Он ухмыльнулся своей фирменной улыбочкой, которую, похоже, не раз репетировал перед зеркалом. По прогрессирующей легкости в придании лицу выражения циничности и хищности я мог точно сказать, сколько времени он простоял перед зеркалом. Месяц тому назад я притаранил Алеку кассету с "Прирожденными убийцами", и он тут же начал "угорать" от фильма. Через неделю он прикупил круглые очки, которые нашел в киоске на привокзальной площади, через две купил магнитофонную кассету с саундтреком, а еще через неделю начал по поводу и без ухмыляться, нарабатывая прием, для придания крутости своему образу. Алек растягивал закрытый рот в широченной улыбке и немного приподнимал подбородок. Получалась чуть надменная ухмылка уверенного в себе хулигана. Несколько раз я говорил ему, что он слишком часто пользуется этим приемом, но после случая, когда Алек разрулил наезд пятерых гопников возле ларька с пивом, я стал спокойнее относиться к этой его слабости, в конце концов, некий практический смысл в этом был. Его святая вера во все решающую силу понтов меня поражала. Немного позже подоспело "Криминальное чтиво", и Алек начал цитировать псалмы из Библии. Желание выглядеть круче, чем он есть на самом деле, одно из важнейших для подростка. Повадки, мимика, походка, стиль одежды, жаргон и интонации, все перенимается у продвинутых образчиков и применяется на практике. В итоге, чем тщательнее реципиент копирует, тем смешнее он выглядит, хотя бывают исключения, когда человек начинает верить в свой заимствованный образ настолько, что перестает жить собственной жизнью, и тогда комедия превращается в трагедию. Алек был на полпути к трагедии, возможно поэтому.

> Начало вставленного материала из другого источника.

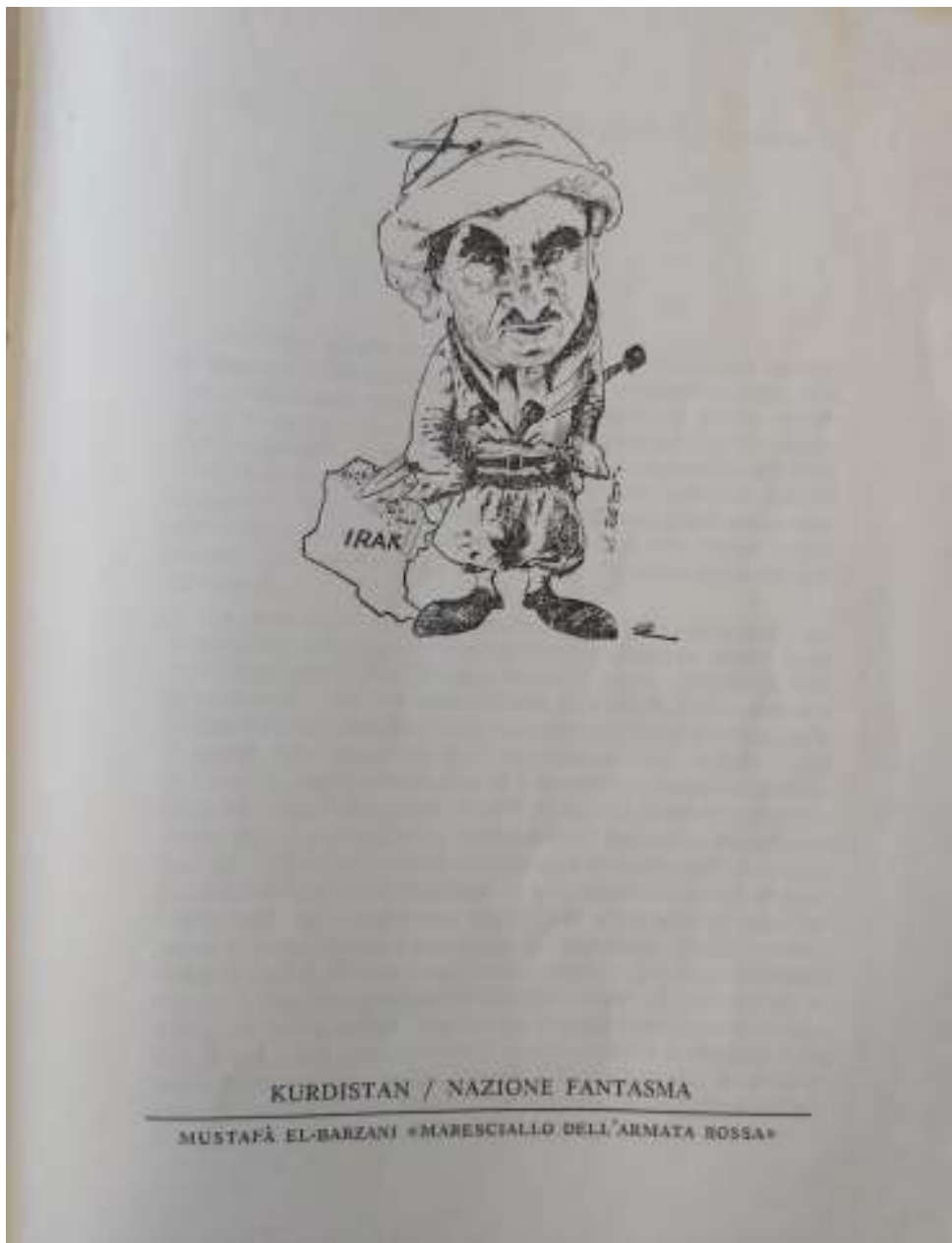
کەریکاتیریکی لەسەر مەلا مستەفا بارزانی "مارشالی سوپای سور".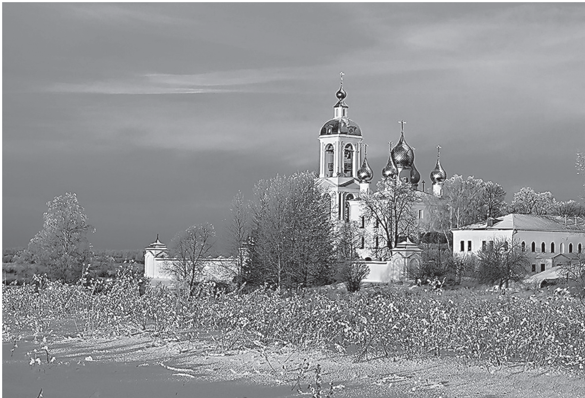
В преддверии Рождества Христова

Н ельзя сказать, чтобы богатство стало достоянием абсолютного большинства людей, в том числе в нашей стране, живут достаточно богато, причем многие из них являются православными христианами. К ним в первую очередь и обращены сегодняшние слова Господа.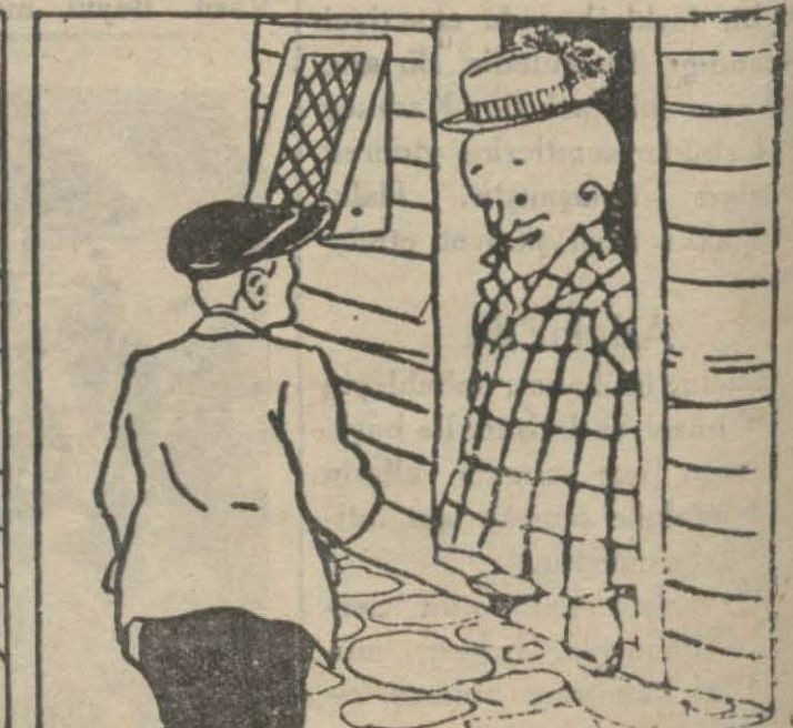
1 : Hasan B. — Gel bakalım “kitmir”! al şu lokmayı!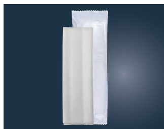
⑫バルブ不織布おしぼり 平型 超大判 (70本入×10袋) 300×265

材質:バルブ不織布 ●両手を覆う超大判で贅沢な使い心地 ●温めても冷やしても使えます。

– Вот че ты лыбишься, а? Там телки привередливые, там бабки нужны, чтобы что-то получилось, – сейчас меня действительно раздражила его неуместная ухмылка.

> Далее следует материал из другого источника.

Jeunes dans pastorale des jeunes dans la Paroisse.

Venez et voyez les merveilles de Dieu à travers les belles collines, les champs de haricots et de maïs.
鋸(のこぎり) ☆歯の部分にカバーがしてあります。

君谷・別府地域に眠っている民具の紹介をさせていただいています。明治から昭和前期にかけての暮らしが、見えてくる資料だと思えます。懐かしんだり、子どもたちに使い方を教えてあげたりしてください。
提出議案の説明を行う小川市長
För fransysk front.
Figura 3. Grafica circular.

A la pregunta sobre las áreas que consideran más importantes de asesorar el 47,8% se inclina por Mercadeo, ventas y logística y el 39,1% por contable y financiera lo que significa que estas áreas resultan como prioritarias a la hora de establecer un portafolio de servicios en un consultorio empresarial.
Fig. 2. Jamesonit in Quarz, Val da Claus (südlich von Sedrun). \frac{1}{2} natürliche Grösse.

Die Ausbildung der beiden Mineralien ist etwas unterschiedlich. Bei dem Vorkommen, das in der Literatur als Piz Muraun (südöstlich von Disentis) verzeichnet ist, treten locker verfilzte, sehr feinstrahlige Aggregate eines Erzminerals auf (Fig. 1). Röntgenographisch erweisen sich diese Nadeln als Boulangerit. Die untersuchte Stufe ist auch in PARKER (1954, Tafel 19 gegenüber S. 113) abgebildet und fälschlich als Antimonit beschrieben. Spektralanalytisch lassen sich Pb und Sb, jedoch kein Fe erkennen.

– Все путем. Пивом разгонимся, там по водке возьмем, а сосок и так раскрутим.

– Вот не пойму я, ты дурак или прикидываешься?

– Да все ништяк будет, дружище, – он опять отработано ухмыльнулся и похлопал меня по плечу.

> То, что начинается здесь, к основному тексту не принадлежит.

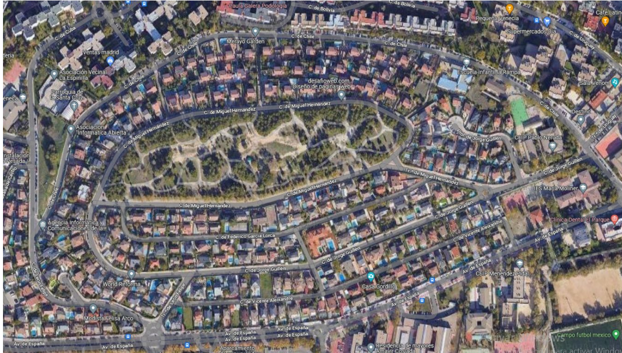
Barrio de Las Conejeras, Coslada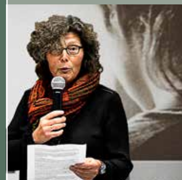
Filmvertoning Moeder-Baby-Eenheid 'Das Fremde in mir' en voorstelling nieuwe website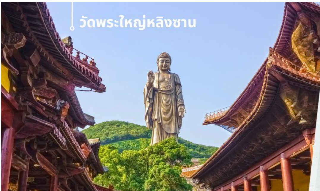
วัดพระใหญ่หลังซาน

หลังรับประทานอาหารเช้าเที่ยง นำท่านเดินทางสู่ เมืองอู่ซี นำท่านชม วัดพระใหญ่หลังซาน (นั่งรถราง) ตั้งอยู่ที่เมืองอู่ซี มณฑลเจียงซู ประเทศจีน สิ่งที่เห็นแบบเด่นชัดเมื่อมาเที่ยวที่วัดนี้คือ “หลังซานต้าผอ” หรือ “พระใหญ่หลังซาน” พระพุทธรูปองค์ใหญ่ที่ใหญ่ที่สุดองค์หนึ่งในประเทศจีนและในโลก เป็นพระพุทธรูปปางยืนของพระอมิตาภพุทธะแบบ สัมฤทธิ์กลางแจ้ง หนักกว่า 7,000 เมตริกตัน สร้างเสร็จเมื่อปลายปี ค.ศ. 1996 มีความสูงกว่า 88 เมตร (289 ฟุต) รวมฐานบัว 9 เมตร นักท่องเที่ยวทั้งชาวจีนและชาวต่างชาตินิยมมาขอพรเพื่อความสิริมงคลและความสำเร็จในหน้าที่การงาน การเดินทางให้แคล้วคลาดปลอดภัย โดยการกราบและลูบที่เท้าท่าน ซึ่งภายในพระพุทธรูปยังมีพิพิธภัณฑสถานมีชีวิตของท่านให้ได้เรียนรู้อีกด้วย ภายในประกอบไปด้วย ตำหนักฝานกง หรือ ศาลาฝานกง ตั้งอยู่ที่ริมทะเลสาบไท่หู ทาง

– Бля..., какой ты ребенок на самом деле. Ладно, поехали. На семичасовую электричку как раз успеваем, к девяти на месте будем.

Из-за экономии фонари на платформе горели через один. Зеленая электричка, громыхая, вползла в желтеющую тополями долину станции. Редкие вечерние пассажиры в сторону города, зябко прохаживаясь, курили, выдыхая в прохладный сырой воздух клубы табачного дыма. Мы тоже курили. Кончики сигарет при каждой затяжке ярко вспыхивали и искрили. "Мальборо" в наших палестинах продавалось по двадцать-двадцать пять тысяч, и его много подделывали, поэтому мы курили дешевую честную "Магну" за восемь тысяч.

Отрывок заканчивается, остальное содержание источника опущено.